Cristóbal Halffters Tonsprache hat sich in den 60er Jahren des vorigen Jahrhunderts ausgeprägt und geschärft in Opposition zum Franco-Regime, das – wie die anderen totalitären Systeme in der Mitte des 20. Jahrhunderts – die konstruktive musikalische Moderne behinderte und unterdrückte. Die Schreibwiese des Madrider Komponisten ist sich in diesen sechs Jahrzehnten, bei mancher Weiterentwicklung im Detail, prinzipiell treu geblieben: Es ist Moderne vom guten alten Schlag. Die Fließgeschwindigkeiten, Intonationen und feinen Färbungen des Tonsatzes, der zuvorderst seinen eigenen Gesetzen und Regeln folgt, korrespondieren freilich den Raum- und Zeitvorgaben des Textes und insbesondere dessen psychischen Konstellationen. Am hörbarsten knüpft Halffter an Alban Bergs Opern an. Die Sphären der alten und neuen Welt trennt z.B. ein symphonischer Satz („in tempore belli“) voneinander wie in „Lulu“ die Zeit vor und nach der Haft. Auch die Adaption von tonalem Material in die atonal angelegte Schreibweise, z.B. einer osteuropäischen Nationalhymne, mit der die Schiffskapelle den Schachweltmeister an der Gangway begrüßt, ähnelt der Integration von Volkslied, Walzer oder Choral in Bergs Partituren.

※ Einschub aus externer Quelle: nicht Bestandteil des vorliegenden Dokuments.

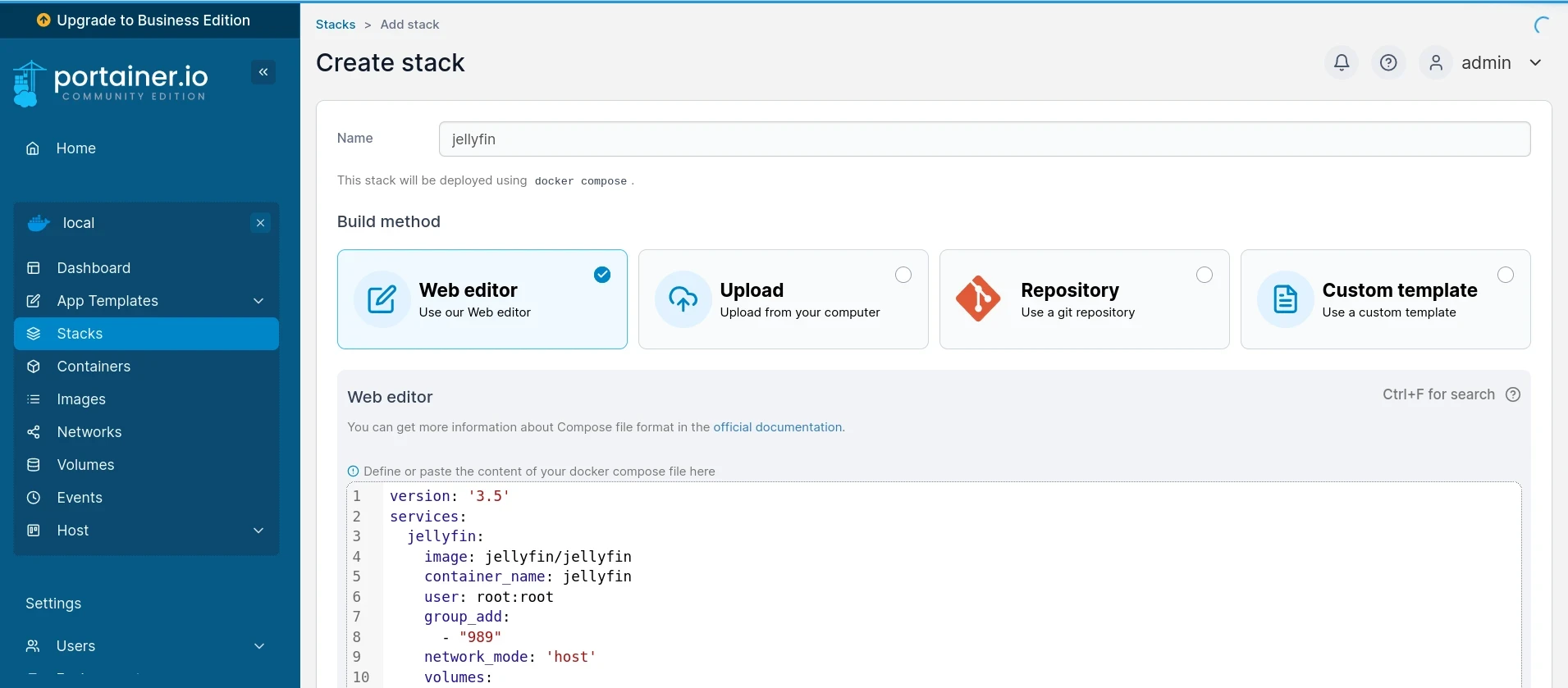 「Stacks」頁面就是管理docker-compose的地方,我認為這是Portainer最方便的功能,光這個界面就能用網頁寫好多個docker-compose.yml再立即部署。
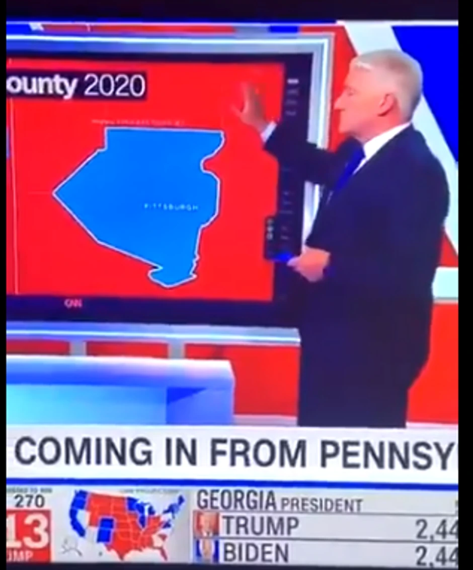 Tokom programa uživo na Si-En-Enu na velikom ekranu prikazana je mapa trenutnog preseka glasova.

Des Weiteren vermeidet Halffter Plakatwirkungen weitgehend, so signifikant er die Gesangspartien rollentypisch grundiert. Der Gestapo-Offizier allerdings, der die Verhöre führt, indem er monologisiert und droht, sieht in Gestalt von Michael Hofmeister nicht nur aus wie ein nachgedunkelter Schrumpfarier vom Schlage des Dr. Goebbels, sondern er countert auch grell-grotesk. Halffter schrieb eine Extrempartie für die Ungeheuerlichkeiten der staatlichen Verwerflichkeiten und Amoral. Hofmeister meistert sie an der Schmerzgrenze des allzu Outrierten.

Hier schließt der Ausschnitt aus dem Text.